Et pourtant, que de chemin parcouru depuis leur sortie de prison, suite à la grâce présidentielle du président Coty en 1954. Les gamins dont la culpabilité paraissait évidente au moment de leur arrestation… puisque les gendarmes avaient obtenu leurs aveux ! Ont continué à clamer leur innocence et à demander.
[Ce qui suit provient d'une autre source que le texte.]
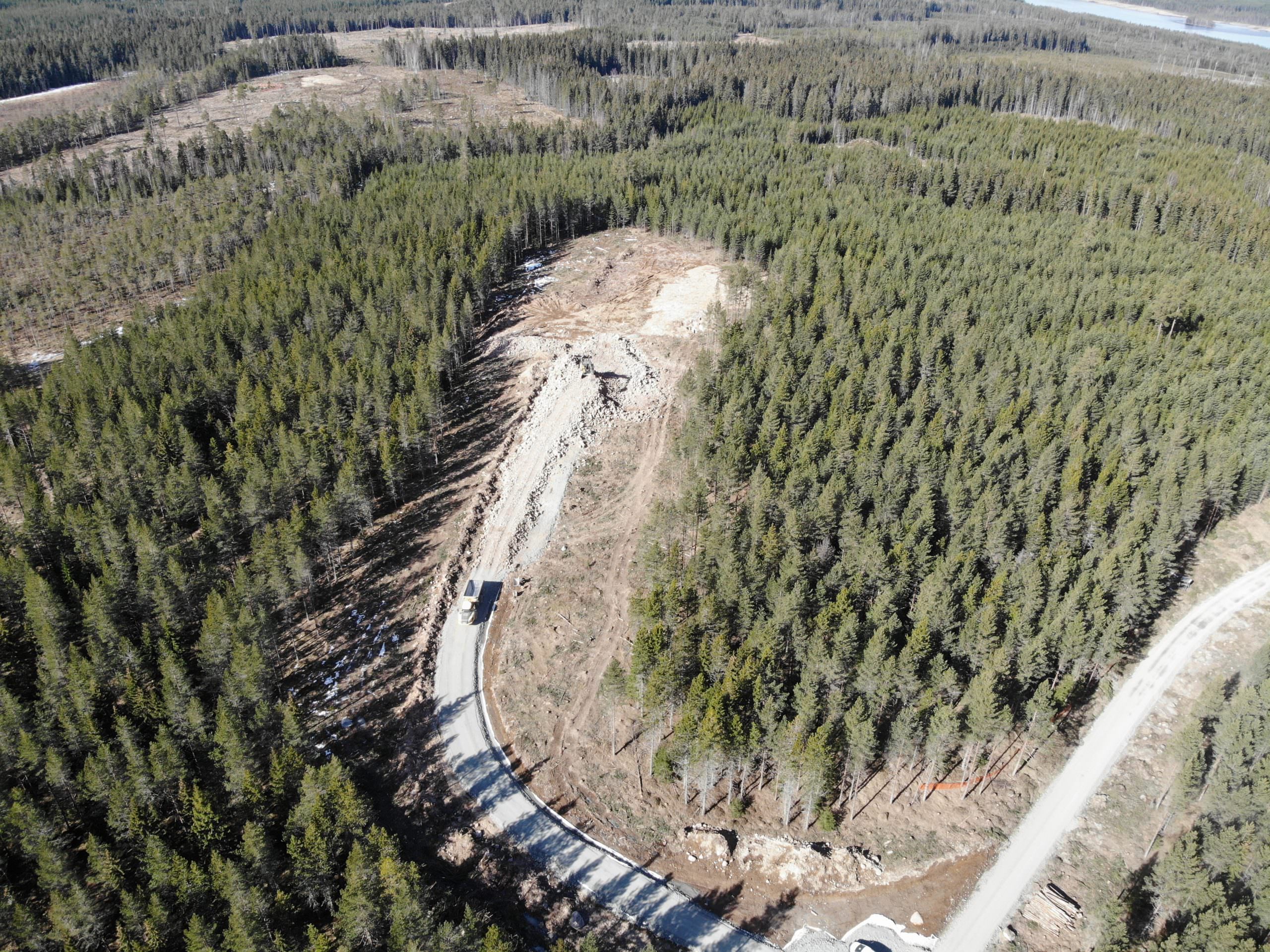 I en serie här på hemsidan kommer vi följa ett verk från projektering tills att det sätts i drift. Nu börjar alla delytor ta form som behövs för att vindkraftverket ska kunna resas. Längst upp i bild ser ni kranytan och till höger om den kommer vindkraftverket byggas. De första torndelarna sätts med en mindre kran och sedan kommer den stora kranen som lyfter de översta delarna av vindkraftverkets torn, tornhuset och vingarna. Stora kranen står på kranytan och för att resa den, som har en bom på över 140 meter, behövs mindre kranar som ställs utefter vägen. De mindre kranarna lyfter delar av kranens arm så att dessa kan monteras ihop. Intill kranytan syns ett trädfritt område med två uppstickande ”kullar”, här ska vingarna ligga när de förbereds inför lyft. Korsningen längst ner i bild används också som vändplats för de tomma lastfordonen och behöver därför klara att man svänger åt båda hållen.

Quel culot, de la part d’un réfugié polonais et d’un sympathisant communiste.

Vingt communes dans l’illégalité

L’action du comité de soutien et la parution du livre de Léandre Boizeau « Ils sont innocents » en 1979 ont conduit au premier dépôt d’une demande de révision par l’avocat Jean-Paul Thibault devant la cour de Cassation en 1980. Trente six ans plus tard, cinq autres demandes de révision ont été repoussées, mais la loi a été modifiée pour élargir les possibilités de réexamen et un nouvelle modification va être présentée à l’assemblée par Jean-Paul Chanteguet. « Elle devrait être étudiée dans le courant du mois de février, estime le député de l’Indre et ne devrait occuper qu’une heure du temps de l’assemblée, mais le vote n’est pas acquis d’avance. » Ce texte introduit dans la loi la possibilité de faire annuler tout acte de procédure obtenu sous la torture. Il permettrait aux magistrats de la cour de Cassation de vider un dossier qui repose sur des aveux arrachés au terme d’une semaine de garde à vue plus que musclée !

Mais ce qui a changé aussi c’est la position des élus de l’Indre par rapport à ce dossier. Le Poinçonnet a été le premier, en juillet 2005 à donner le nom de Mis et Thiennot à l’espace où se sont retrouvés jeudi soir les élus, membres du comité de soutien, sympathisants, autour de l’épouse et du fils de Gabriel Thiennot. Derrière Le Poinçonnet dix neuf communes, dont Châteauroux l’été dernier, ont rendu hommage aux deux hommes en baptisant une rue, un square ou une place à leurs noms associés pour l’histoire.

Des actes de désobéissance civique qui n’ont jamais fait l’objet d’un recours du préfet devant le tribunal administratif. Mis et Thiennot restent des criminels aux yeux de la loi.

Pourtant Jean Petitprêtre persiste et signe. L’autre soir il a assuré à ses collègues maires que leur décision était l’honneur de la République et qu’elle était la traduction dans les actes du mot Fraternité, inscrit au fronton de leur mairie.

Alors le comité verra-t-il son combat aboutir en 2017 ? Compte tenu des lenteurs de la justice il faut plutôt tabler sur 2018, mais Helga Potier, présidente du comité de soutien peut envisager la dissolution prochaine de son association. D’ici là, elle aura présidé au moins cinq lieux dédiés à la mémoire de Mis et Thiennot dans les villages de l’Indre.